§ **Work to be completed**
In the records below, find the line with "現品サイズ・内容:16.5×", then retype it and every following line exactly, stopping after the line with "亚汇网实时数据统计:截至3月". Leave the pictures out.

§ **Extracted records**

[Start of section]

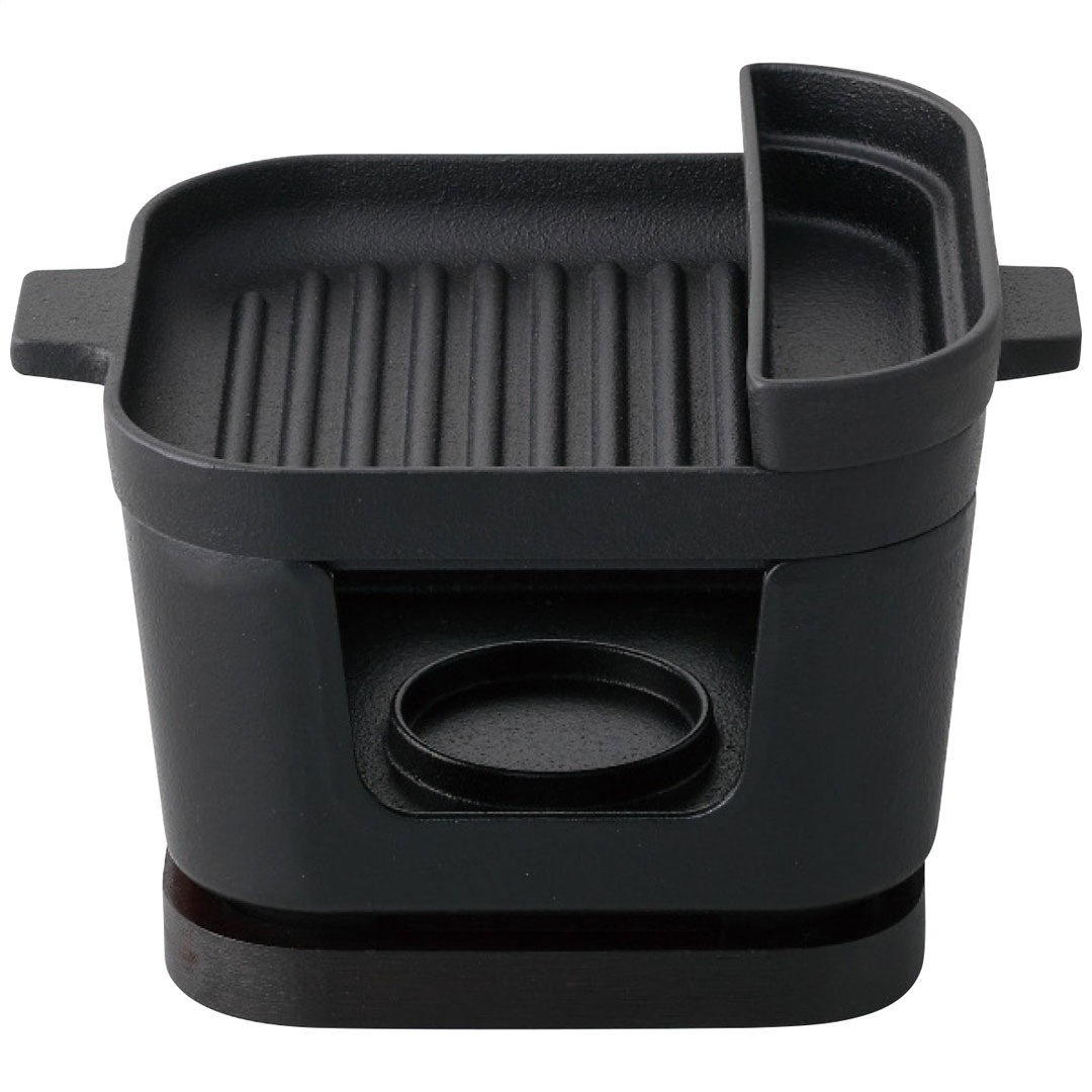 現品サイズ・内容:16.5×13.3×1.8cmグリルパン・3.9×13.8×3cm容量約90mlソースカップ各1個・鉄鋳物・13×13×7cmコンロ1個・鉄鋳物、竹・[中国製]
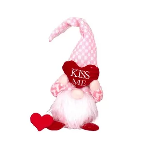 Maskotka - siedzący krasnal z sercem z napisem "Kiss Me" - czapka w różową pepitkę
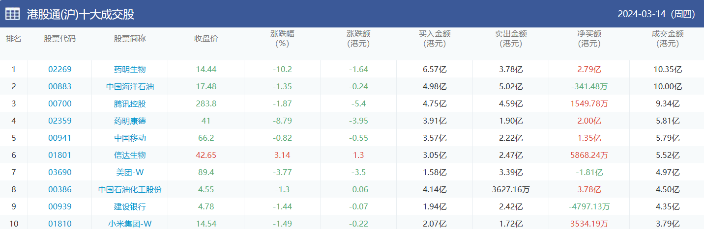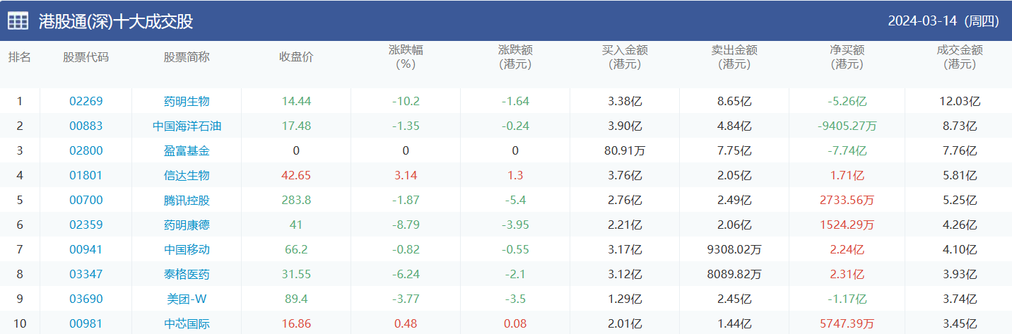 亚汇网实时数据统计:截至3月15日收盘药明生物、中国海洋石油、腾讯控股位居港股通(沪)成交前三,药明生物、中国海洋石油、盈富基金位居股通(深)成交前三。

[End of section]
[Start of section]

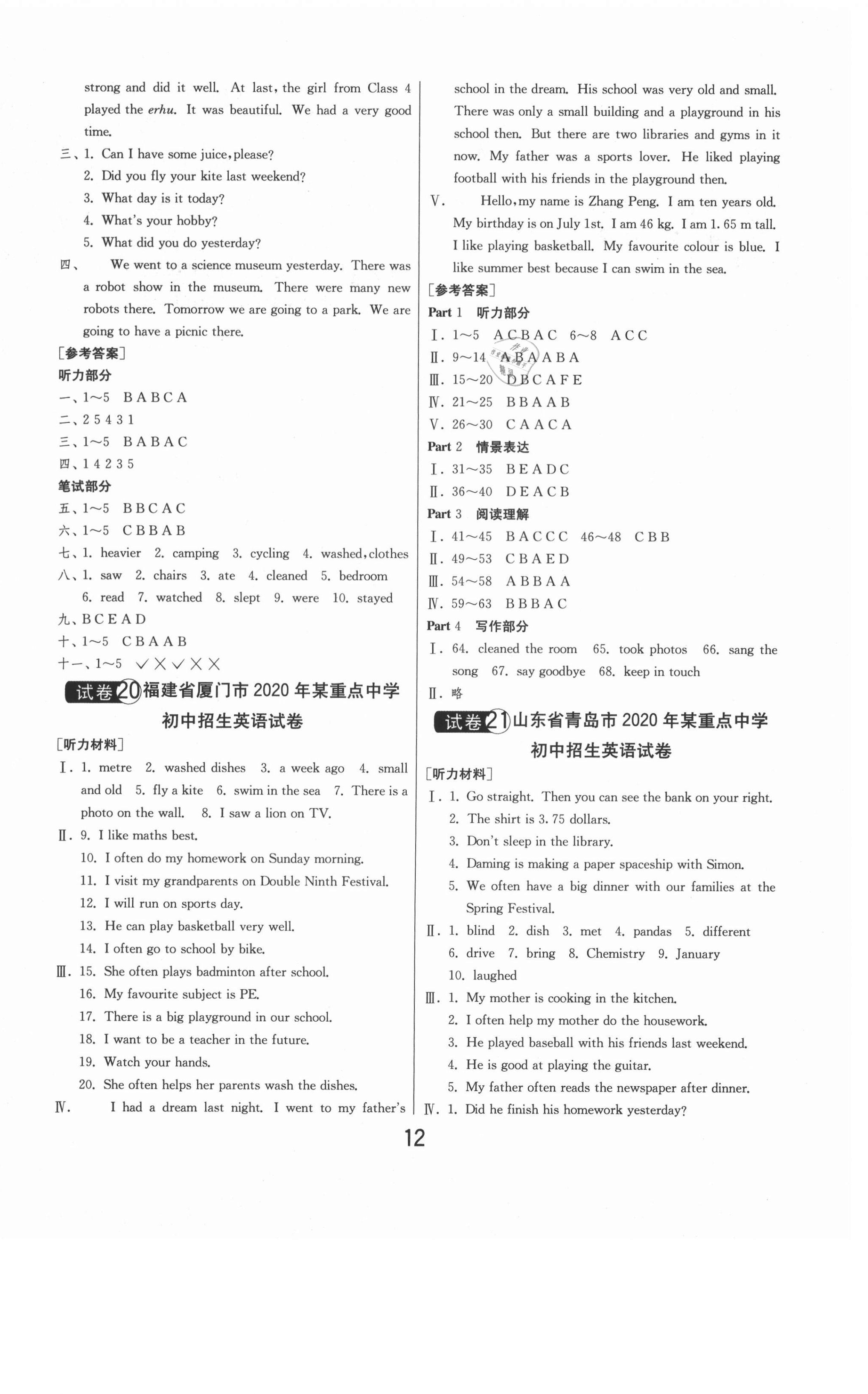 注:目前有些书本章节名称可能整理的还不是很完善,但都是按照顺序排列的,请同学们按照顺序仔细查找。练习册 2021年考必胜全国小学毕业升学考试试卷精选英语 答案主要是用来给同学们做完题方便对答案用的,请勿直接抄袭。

[End of section]
[Start of section]

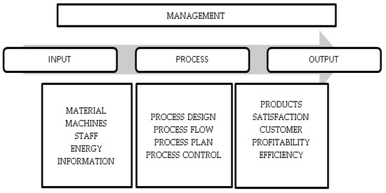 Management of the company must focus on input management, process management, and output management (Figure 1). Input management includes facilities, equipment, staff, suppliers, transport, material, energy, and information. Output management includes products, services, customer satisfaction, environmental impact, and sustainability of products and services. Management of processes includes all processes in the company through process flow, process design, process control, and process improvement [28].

[End of section]

§ **Answer to the exercise**
 現品サイズ・内容:16.5×13.3×1.8cmグリルパン・3.9×13.8×3cm容量約90mlソースカップ各1個・鉄鋳物・13×13×7cmコンロ1個・鉄鋳物、竹・[中国製]
 Maskotka - siedzący krasnal z sercem z napisem "Kiss Me" - czapka w różową pepitkę
 亚汇网实时数据统计:截至3月15日收盘药明生物、中国海洋石油、腾讯控股位居港股通(沪)成交前三,药明生物、中国海洋石油、盈富基金位居股通(深)成交前三。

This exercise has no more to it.